In Python, 3 < 4 < 5 is equivalent to (3 < 4) and (4 < 5). This is very unusual among programming languages!
>
3 < 4 < 5
Result:
True
This works for all infix comparison operators, not just <. (Infix operators are operators that go between two values.) We can also chain <=, >, >=, ==, and != in the same way.

# (1 != 2) and (2 == 2.0)
1 != 2 == 2.0

Result:

True

In JavaScript, and almost all other programming languages, that expression is false. 1 != 2 evaluates to true, giving us true == 2.0, which evaluates to false.
We can combine several inequality tests into a single expression, but that sometimes comes at the cost of readability. Here's a comparison that decides whether amount is less than two separate limits.

company_spending_limit = 300
personal_spending_limit = 250
amount = 200

# This works, but may look strange depending on your preferences.
personal_spending_limit > amount < company_spending_limit

Result:

True

That code works, but you may find that it looks very strange. In this case, we'd recommend two separate conditions joined with and.

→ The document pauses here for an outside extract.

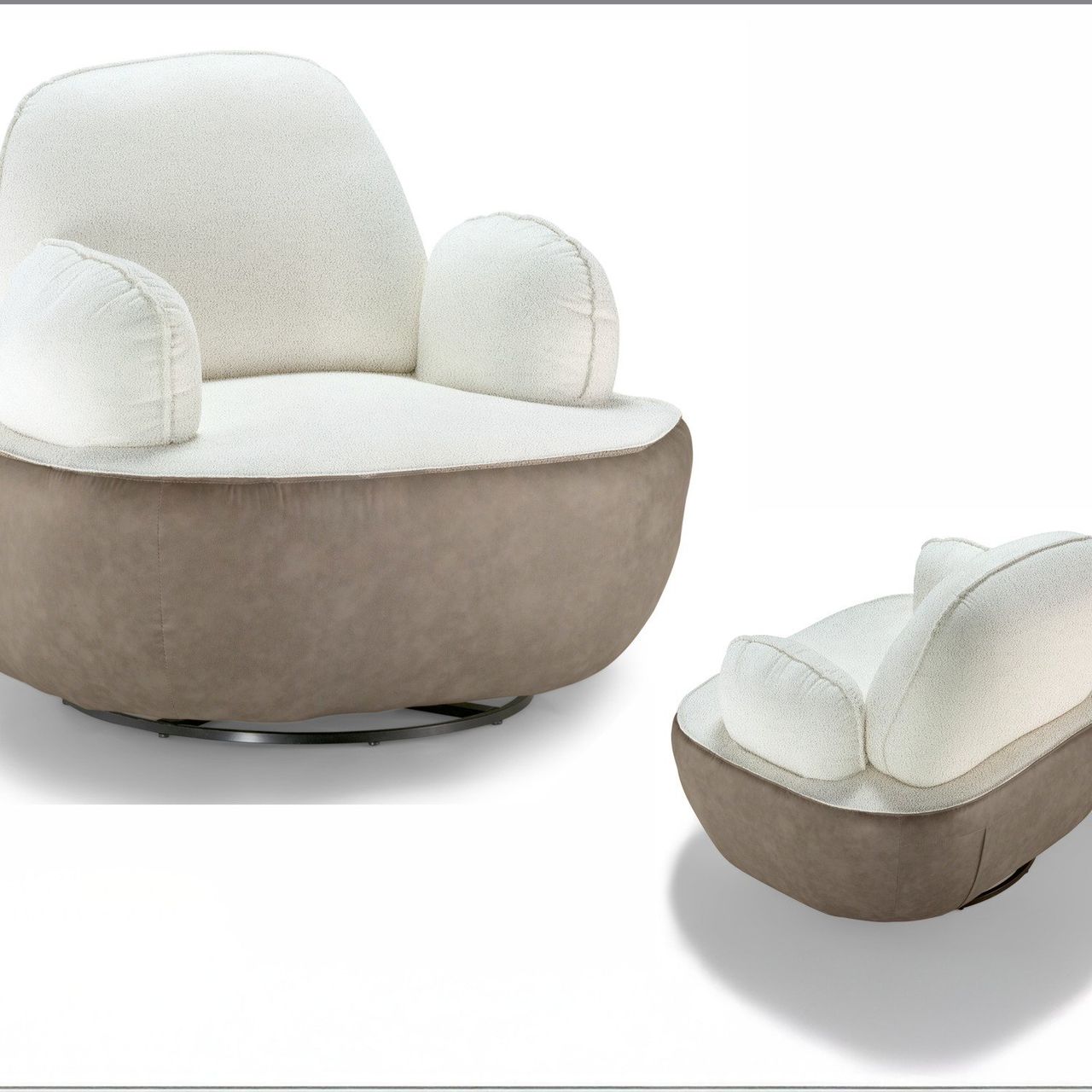 Poltrona Vênus Com Detalhes Em Couro 503 E Tecido Boucle 508. Estrutura Em Eucalipto, Base Giratória, Encosto Em D23 Softy E Assento Em D26. Medidas: Altura 90cm, Largura 102cm, Profundidade 84cm. Design Elegante E Conforto, Ideal Para Ambientes Sofisticados.

company_spending_limit = 300
personal_spending_limit = 250
amount = 200
(amount < personal_spending_limit) and (amount < company_spending_limit)

Result:

True

When learning to program for the first time, we have to "un-learn" a lot of things, like this detail of how comparison operators work in mathematics. Later, when learning Python as a second (or seventh) language, we have to re-learn what we previously un-learned, bringing us back to natural expressions like 3 < 4 < 5.
In practice, it's rare to see infix operators like < or > chained beyond 3 values. However, a <= b <= c is a common way to quickly decide whether a, b, and c are ordered from smallest to largest.
Here's a code problem:
We want to move into an apartment with a very specific size. The apartment_size_ok function decides whether an apartment's size meets our criteria. The criteria are:
- The size must be at least "the ideal size minus 5 square meters".
- The size must be at most "the ideal size plus 10 square meters".
You don't need to use and here! This problem can be solved with a single chained inequality expression.
def apartment_size_ok(ideal_size, size):
"""
Is this apartment close enough to our ideal size?
Arguments are in m^2.
"""
return (ideal_size - 5) <= size <= (ideal_size + 10)
assert apartment_size_ok(50, 70) == False
assert apartment_size_ok(50, 60) == True
assert apartment_size_ok(60, 50) == False
assert apartment_size_ok(60, 55) == True
Goal:
No errors.
Yours:
No errors.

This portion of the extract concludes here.